Another big problem for us was the submission of the LM hashes. Since we had to split them into two halves, we were uncertain why we only had 9000 registered cracks, but almost 12000 founds, while other teams had 10000 to 11000 registered cracked. One friendly guy at Korelogic tried to debug this with us, but the contest ended without a solution. [KoreLogic note: We figured out that team hashcat did not understand that a) we were counting cracked logins, not half-LM's cracked, and b) Street teams had a bunch more LMs than Pro teams. We tried to explain this to hashcat and update the website during the contest, but apparently did not do a good job because tired.]

Another problem was the submission of DES, SHA512, mssql and vbulletin hashes, which Korelogic eventually managed to fix.

Additionally, there were hash types/lists which Korelogic's system did not care about at all, like the vm_mysql, but were later happy to include.
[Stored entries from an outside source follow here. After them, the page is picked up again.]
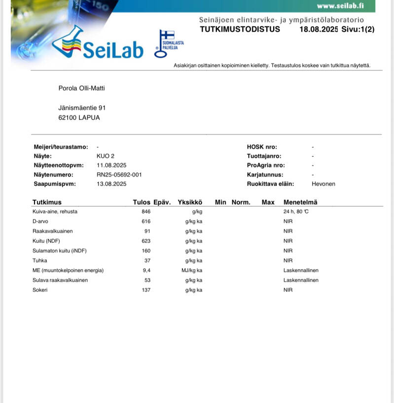 2025 Heinä/odelma analysoitu~450kg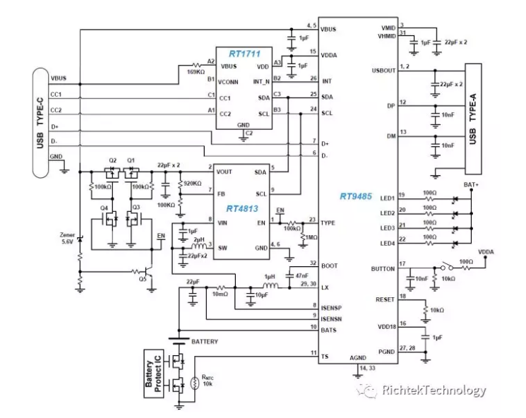 其中的 RT9485 是一款獨立的移動電源芯片(現(xiàn)在沒有對外銷售),可以 Buck 模式為電池充電,也可以 Boost 模式為外部設(shè)備供電,內(nèi)含 MCU 可以操控所有的事情。當(dāng)需要通過 USB Type-C 接口對外供電的時候,Boost 轉(zhuǎn)換器 RT4813 進(jìn)入工作狀態(tài),其輸出用電子開關(guān)接入 VBUS,完成對外供電的功能。RT1711 是 USB Type-C 接口控制器和 PD 協(xié)議處理器,它是使得這樣組合起來的系統(tǒng)能符合 PD 標(biāo)準(zhǔn)要求的必要部分。整個系統(tǒng)的電路如下圖所示: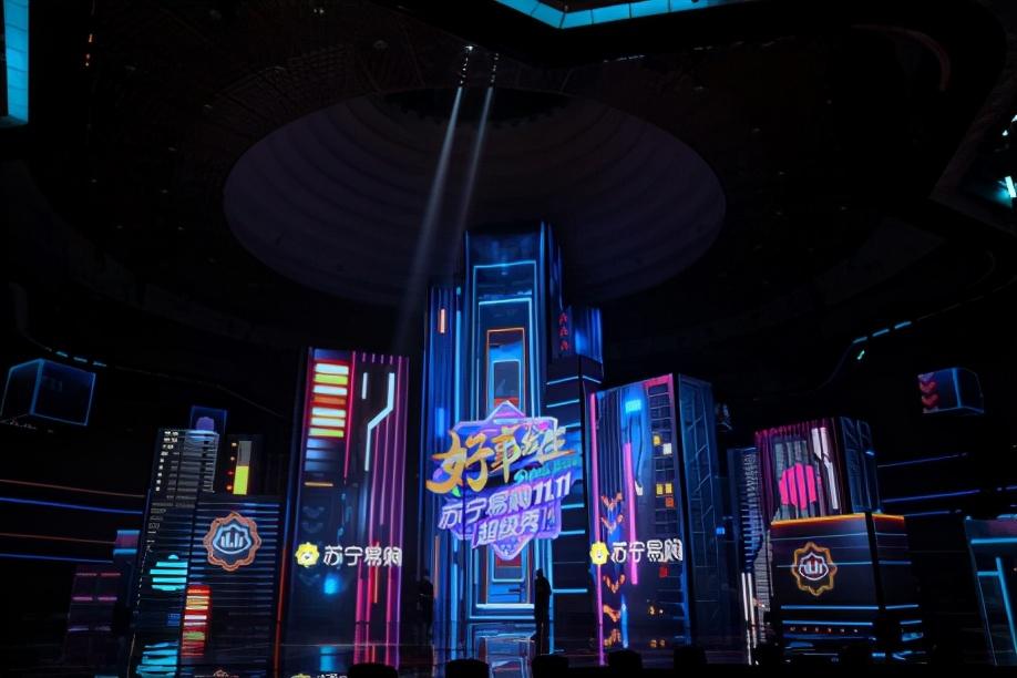 主舞台顶部设计像极了苏宁易购吉祥物的头部,舞台中央坐落着一个个大小不一的视频盒子,搭配如同天空下的一座城市。舞台负责人介绍,此次超级秀舞美结合了苏宁全场景的独特优势,舞台以“天地”为主题,突出此次双十一是属于线上+线下的全场景、合家欢。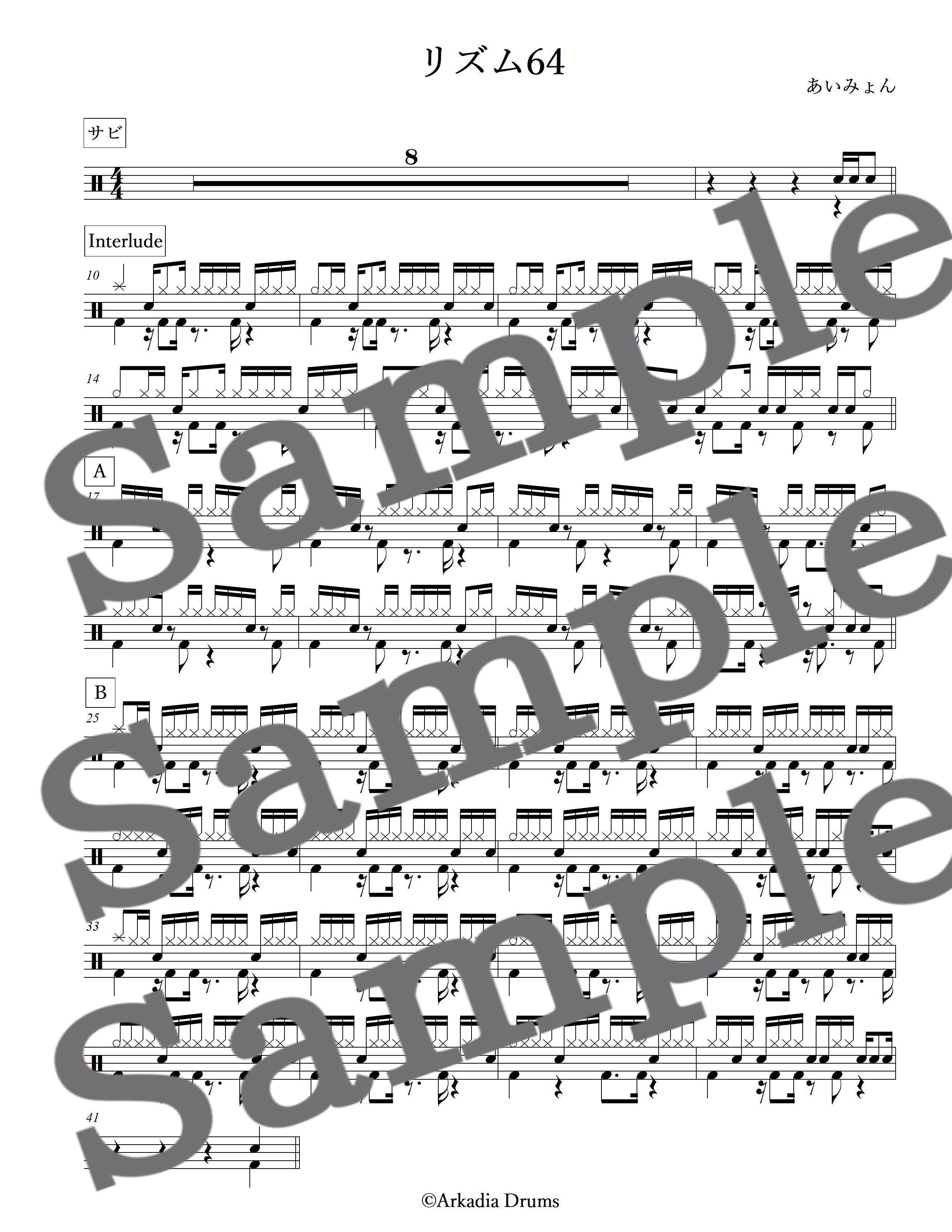 リズム64(あいみょん)のドラム楽譜です。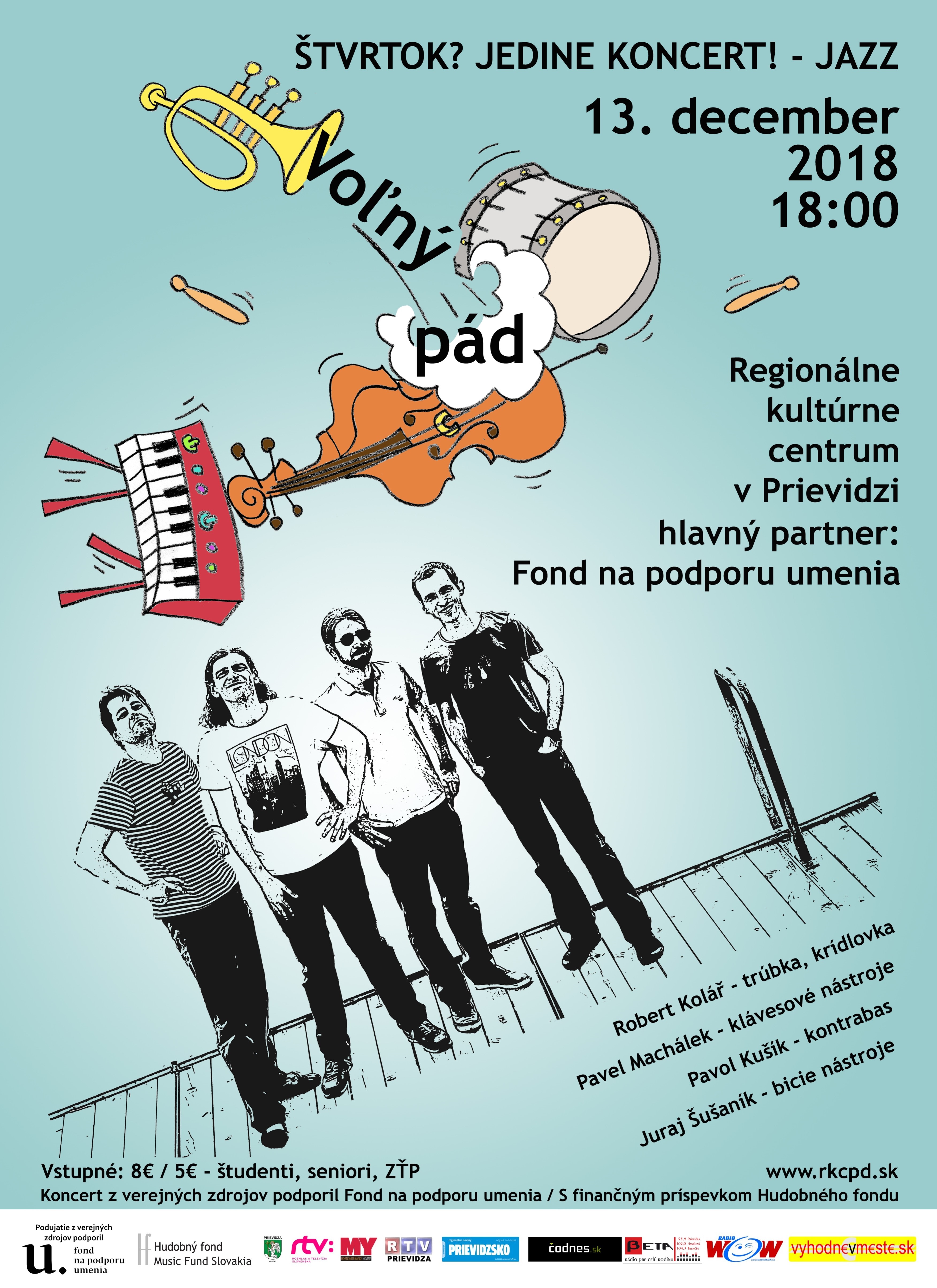 Na koncerte z cyklu Štvrtok? Jedine koncert!, ktorý je zameraný na džez a menšinové žánre dňa 13. decembra vystúpi bratislavská džezová formácia Voľný pád. Koncert sa uskutoční v sále Regionálneho kultúrneho centra v Prievidzi.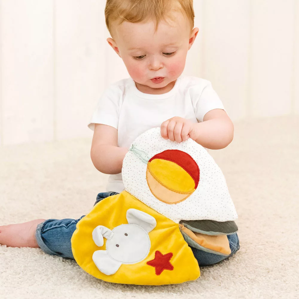 Az imádnivaló készségfejlesztõ puha plüss könyv tökéletes játszótárs babádnak minden kalandja során. Színes képei fejleszti a baba képzelõerejét. Puha kellemes tapintású. A puha plüss könyv számos megragadható és érinthetõ részletet kínál, arra ösztönzik a gyermeket, hogy nyújtsa ki a kezét, és fogja meg õket. Ezenkívül a könyvben elhelyezett finoman susogó és nyikorgó elemek fejlesztik a baba hallását, míg az anyagok különbözõ textúrái támogatják az észlelést. A lapozáskor felfedezhetõ tükör és tevékenységek extra szórakozást nyújtanak a babának.- aranyos plüss borító- sok felfedezésre váró tevékenység- puha és kényelmes anyag- könnyen kezelhetõ: kézzel moshatóMérete: kb.: 15cmAnyaga: 100% poliészter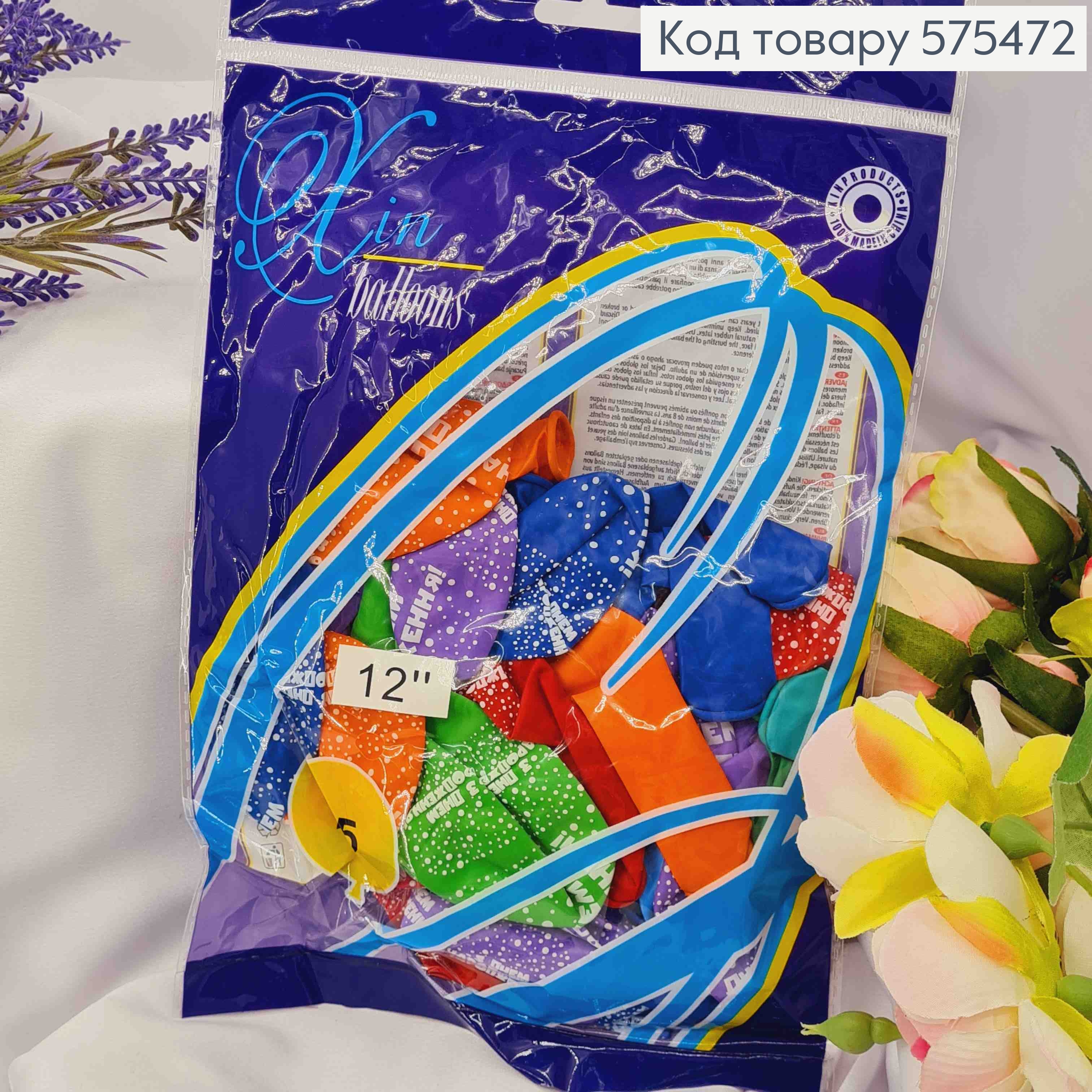 Воздушные шары латексные, Разноцветные с надписью "С Днем Рождения", 12' XIN, 25шт/уп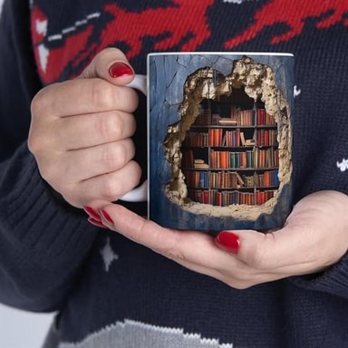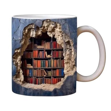 Elegant krus med 3D-effekt - perfekt for bokelskere

The "scrypt" subject is a little controversial, since we spent many hours trying to crack in addition to all of the hard work that atom spent to figure out the correct settings for how the hashes had been produced. Korelogic later just removed these hashes. The scrypt value of 9999 was too high to allow for dupes, which some street teams were receiving credits for after cracking other hash types. On the other hand, with Korelogic just removing these hashes altogether from the contest was also disappointing, considering all of the energy that our team put into this which was now lost time and energy. We would have rather seen just a reduction of the value.

In contrast to our feeling on scrypt, we were happy to see the removal of the grub2 hashes after our inquiry into Korelogic that its' salt were bogus.

[Thoughts about the contest]

...are pretty good despite the initial doubts about the new precontest methods. The process of generating plains for the other teams to crack, while staying within the rules of Korelogic to keep things simple, was painful. It was very unsettling to not know which of our plains would be rejected by penalty and replaced by all digits, and which ones would make it. Despite all of our initial doubts about the teams creating the plains, it was a very pleasurable experience since the overall plains were structured in a way that we managed to keep finding them, which was not the case in other contests. Also, we were very happy communicating with Korelogic's support throughout the duration of the contest. They took great effort into solving every problem that we presented to them.